With the announcement that Prince Harry and Meghan, Duchess of Sussex are expecting their second child, many questions about how their new baby will be raised have come up. What we do know is that the couple’s son or daughter will the first of Queen Elizabeth’s great-grandchildren who won’t ever live behind palace walls.
Harry and Meghan are said to be hands-on with Archie and will likely be the same way with baby No. 2. This is also the case with Harry’s brother, Prince William, and his wife Catherine, Duchess of Cambridge who chose not to hire an army of nannies for their three kids; a big change from how royals of the past did things. Here’s more on that, plus some other facts about royal parenting and the mother who called her own children “ugly” and “frog-like.”

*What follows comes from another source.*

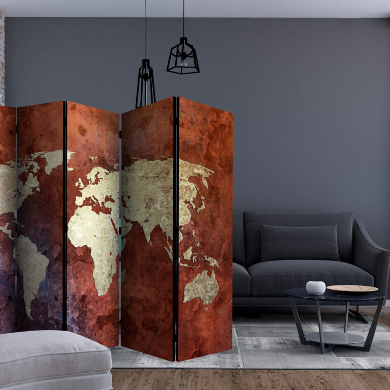 Het decoratieve vouwscherm “Iron continents II [Room Dividers]” past uitzonderlijk mooi in een modern interieur. Het houten tweezijdig bedrukte vouwscherm geeft niet alleen een mooie opdeling van een ruimte maar geeft ook een fantastische flair aan uw interieur. De perfectie uitvoering en het originele motief in full HD uitvoering zorgen ervoor dat de kamervouwschermen iedere ruimte een originele charme verschaffen. Een prachtig kamervouwscherm is een zeer originele versiering en kan bijvoorbeeld prima worden toegepast in woningen of dienstruimten. (kapsalon, dokterskliniek, administratiekantoor etc)

Queen Elizabeth II was criticized for her parenting
There have been rumblings for decades about Queen Elizabeth II and her eldest son, Prince Charles, having a distant relationship.
When Charles was born his mother was still Princess Elizabeth and while she wasn’t yet a queen, she did have royal duties to carry out and engagements to attend. After she was coronated in 1953, she traveled even more and the prince was often left in the care of nannies. The queen was even gone for six months on her Commonwealth tour.
“The sight of Prince Charles as a very small boy standing with his hand out to shake his mother’s hand formally after she returned from a long tour once sparked rumors that the queen had a distant and remote relationship with her oldest son,” body language expert Judi James told Express.
Jonathan Dimbleby, who penned the authorized biography of Prince Charles, quoted the Prince of Wales as saying that it was “inevitably the nursery staff” who raised him as they were ones who witnessed his important firsts.
This queen called her kids ‘ugly’ and ‘frog-like’ and refused to breastfeed
Queen Elizabeth’s great-great-grandmother Queen Victoria, who had nine children, absolutely hated childbirth and referred to pregnancy as an “occupational hazard” of being a royal wife. History.com noted that she even called her own babies “ugly” and “frog-like.”
Something else the late queen was not a fan of was breastfeeding, so she employed a wet nurse.
According to The Sun, Queen Victoria called breastfeeding “repulsive” and when her own daughters decided to do it with their little ones, she wrote in her diary: “It makes my hair stand on end that my daughters have turned into cows.”
This royal wouldn’t breastfeed her children either
But Queen Victoria wasn’t the only royal who refused to breastfeed her kids. Queen Elizabeth’s sister, Princess Margaret, didn’t want anything to do with it either.
The reigning monarch and Margaret were breastfed by their mom, the Queen Mother, when they were babies. And when she had her children then-Princess Elizabeth also chose to breastfeed. Margaret, however, did not follow her mother or her sister’s lead.
The Countess of Snowdon bottle-fed her son and daughter instead. The Guardian reported that Margaret decided to go that route because she found the whole idea of breastfeeding “distasteful.”